Timing and synchronization on MPS

The Mac timing trap looks like the CUDA timing trap. Kernel launches and queued device work can make naive timers lie. Warm up the operation first, then synchronize before and after the measured block. PyTorch exposes torch.mps.synchronize() for that boundary.^{[5]Reference 5torch.mps.https://docs.pytorch.org/docs/stable/mps.html}

mps_timing.py

import time
import torch

device = torch.device("mps" if torch.backends.mps.is_available() else "cpu")
x = torch.randn(256, 256, device=device)
w = torch.randn(256, 256, device=device)

for _ in range(3):
    y = x @ w
if device.type == "mps":
    torch.mps.synchronize()

start = time.perf_counter()
for _ in range(10):
    y = x @ w
if device.type == "mps":
    torch.mps.synchronize()
elapsed_ms = (time.perf_counter() - start) * 1000

print("timed matmuls:", 10)
print("result shape:", tuple(y.shape))
print("elapsed is nonnegative:", elapsed_ms >= 0)

Output

timed matmuls: 10
result shape: (256, 256)
elapsed is nonnegative: True

Same hidden sync points still matter:

loss.item() when loss is an MPS tensor
tensor.cpu(), including tensor.cpu().numpy() for NumPy analysis
printing values that must come back to host memory

Calling .numpy() directly on an MPS tensor isn't the route back to NumPy: move the data to CPU first. Keep that reporting boundary explicit:

mps_logging_boundary.py

import torch

device = torch.device("mps" if torch.backends.mps.is_available() else "cpu")
loss = torch.tensor(2.5, device=device)
reported_loss = loss.detach().cpu().item()

print(f"reported loss: {reported_loss:.1f}")

Output

reported loss: 2.5

Don't trust timing claims until you know whether the host waited for the device.

Worked timing story by hand

Say one issue-classifier forward pass launches 35 ms of mps work, but Python finishes queueing it in 3 ms.

naive timer around the Python call reports about 3 ms
synchronized timer reports about 35 ms

That gap changes your engineering decisions.

If you believe 3 ms, you may chase dataloader code that isn't the bottleneck.
If you believe 35 ms, you know model-side math or sequence length still dominates.

Good accelerator debugging starts with honest measurement before clever optimization.

Memory pressure on Apple GPUs

The first memory lesson is the same as CUDA: weights aren't the whole bill. Activations, gradients, optimizer state, and temporary workspaces matter too.

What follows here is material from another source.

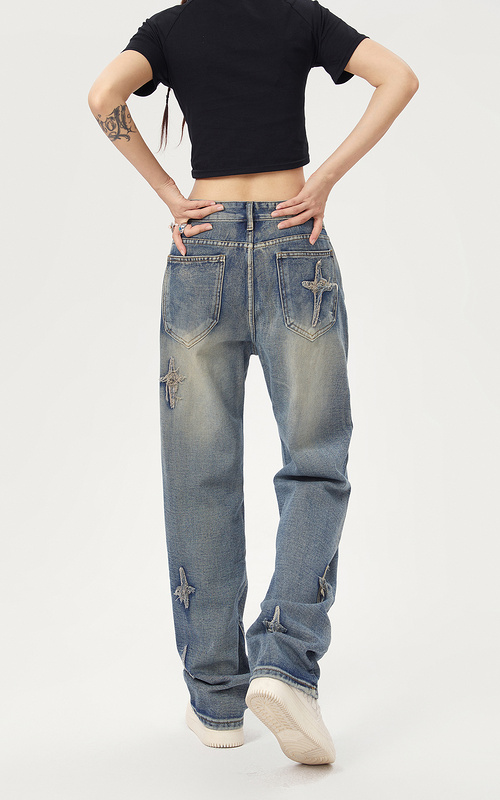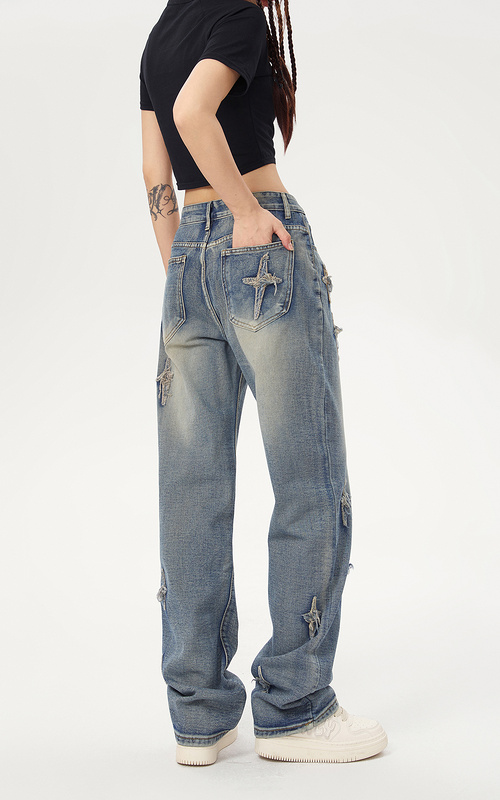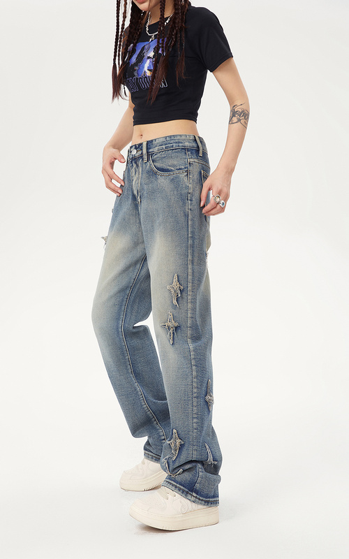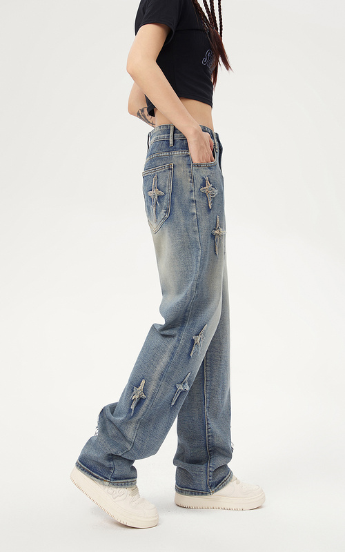Широкие синие джинсы DYCN с нашитыми звездами спереди

Unified memory adds one twist. There isn't a separate video-memory pool: a large run competes for system memory with macOS and every other app. PyTorch exposes current_allocated_memory() for bytes occupied by live tensors, driver_allocated_memory() for total memory allocated by Metal for the process (including cached allocator blocks and MPS/MPSGraph allocations), and empty_cache() to release unoccupied cached memory.^{[5]Reference 5torch.mps.https://docs.pytorch.org/docs/stable/mps.html}

Inspect those counters only after MPS is available:

mps_allocator_check.py

import torch

if torch.backends.mps.is_available():
    before = torch.mps.current_allocated_memory()
    tensor = torch.ones(1024, 1024, device="mps")
    after = torch.mps.current_allocated_memory()
    del tensor
    torch.mps.empty_cache()
    print("live tensor allocation increased:", after > before)
    print("recommended limit reported:", torch.mps.recommended_max_memory() > 0)
else:
    print("MPS allocator counters need an available mps device")

When memory gets tight, fix order should stay boring:

Symptom	First question	First fix
OOM on first real batch	Is batch or sequence length too large?	shrink batch size first
Step time swings wildly	Are unsupported ops or sync points bouncing work back to CPU?	check fallback and logging paths
MPS allocator errors	Are you near working-set limits?	reduce workload before touching allocator env vars

PyTorch also exposes MPS-specific allocator controls such as PYTORCH_MPS_HIGH_WATERMARK_RATIO and PYTORCH_MPS_LOW_WATERMARK_RATIO.^{[3]Reference 3MPS Environment Variables.https://docs.pytorch.org/docs/2.9/mps_environment_variables.html} They are advanced tuning knobs, not first response. The documentation warns that disabling the high watermark can cause system failure under system-wide out-of-memory conditions. Start by shrinking work.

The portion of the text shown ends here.